Backups are insurance. Not just for files, but for the sanity that comes from knowing you can start fresh if something goes wrong.
Lessons Learned
Most business leaders don’t know how to respond when cybersecurity incidents occur. Mary’s experience illustrates a few key things;
Human moments create openings.
Mary wasn’t reckless. She was working fast, juggling calls, and a thousand priorities. Attackers rely on that. The more professional and helpful the email looks, the more likely someone will click.
Devices are the bridge between you and the internet.
If an attacker controls that bridge, they don’t need your password. They can wait until you type it. Even worse, they can silently observe sensitive business
information and client data.
Fast doesn’t mean frantic.
The right response sequence is calm, structured, and layered. Disconnect. Verify. Clean. Reset.
Prevention is built, not bought.
When we came on the scene, we didn’t have to guess.

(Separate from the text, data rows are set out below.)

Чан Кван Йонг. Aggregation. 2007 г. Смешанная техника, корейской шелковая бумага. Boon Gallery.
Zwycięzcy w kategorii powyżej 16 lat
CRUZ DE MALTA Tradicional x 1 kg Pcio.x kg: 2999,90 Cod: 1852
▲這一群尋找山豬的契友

The monitoring, response tools, and protocols we offer help prevent this incident before it happened.
Connecting Back to the Bigger Picture
In the first article, we introduced Device → Identity → Network — the three pillars of modern IT defense.
Mary’s story shows why the first pillar matters so much.

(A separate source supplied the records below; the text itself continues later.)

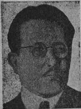
Edvard Kardelj neizprosen boritelj naše Primorske, Istre in Trsta.

Razgovarjal sem se z njim celo uro in izvedel, da je bil vržen v zapor takoj po svo-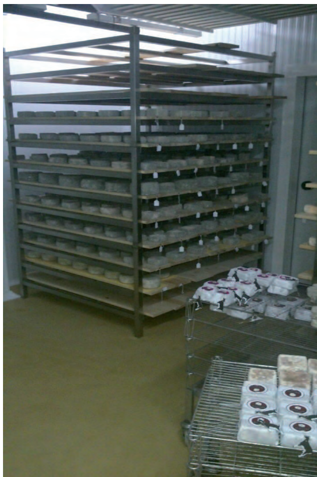
Una de las cámaras de la quesería Montealijar, en Las Navas.

Esta convocatoria, la primera dentro del nuevo periodo de programación 2014-2020, para la modalidad a tiempo completo ofrece una prima básica de 20.000 euros que se irá incrementando si el solicitante cumple requisitos como incorporarse en sectores considerados estratégicos (ovino-caprino, vacuno de leche y de carne, porcino ibérico, patata y hortalizas, remolacha, herbáceos de alto valor, viñedo y agricultura ecológica), si se instala bajo la modalidad de titularidad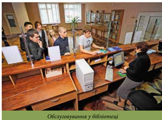
Обслуговування у бібліотеці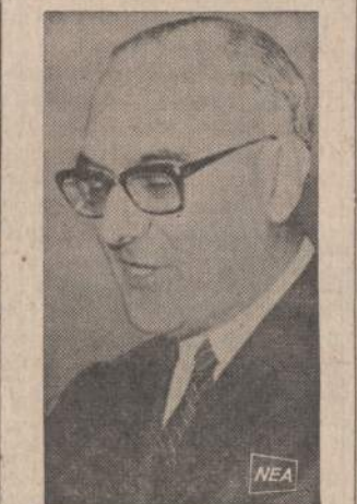
Naujas Portugalijos premjeras Marcelo Caetano. Diktatoriui Salazar atgavus samonę, prof. Caetano sudarė naują vyriausybę. Jis yra pasiūlyęs leisti veikti kitoms politinėms partijoms. Jis draus komunistinę veiklą.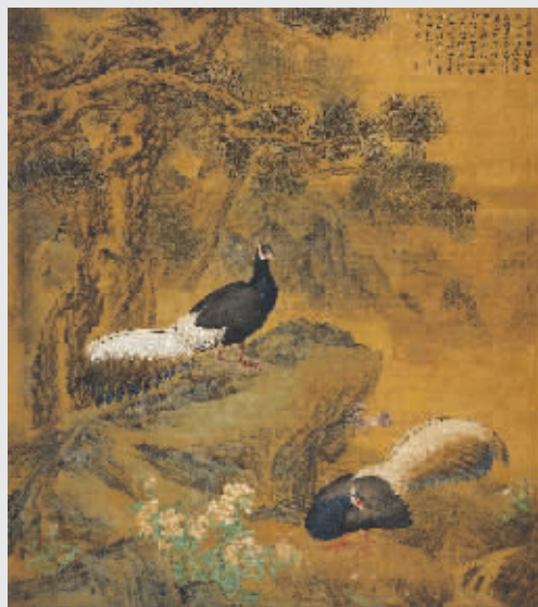
▲郎世宁、金廷标《火鸡图》 镜心 设色绢本 212×188.5 cm 估价待询

古代书画部分将推出百代标程(第四季)——从赵孟頫至郎世宁,照旧涵括6件作品,汇集了中国古代书画宗师典范之作。其中以赵孟頫《行书般若波罗蜜多心经》最为重要。

Devices are your how. - A secure device keeps your identity honest.
Identity is your who. - A hardened identity keeps your network clean.
Network is your where. - A well-designed network keeps both from spreading trouble.
Each layer supports the security of the others.
At Anneal Tech, this is standard practice. Our defense-in-depth methodology uses industry leading tools and best practices to ensure that our clients are protected from the latest cybersecurity threats used by threat actors daily.
Author’s note:
This story reflects real-world events and Anneal Tech’s real process for responding to business email compromise and endpoint infection, with names and details changed for privacy.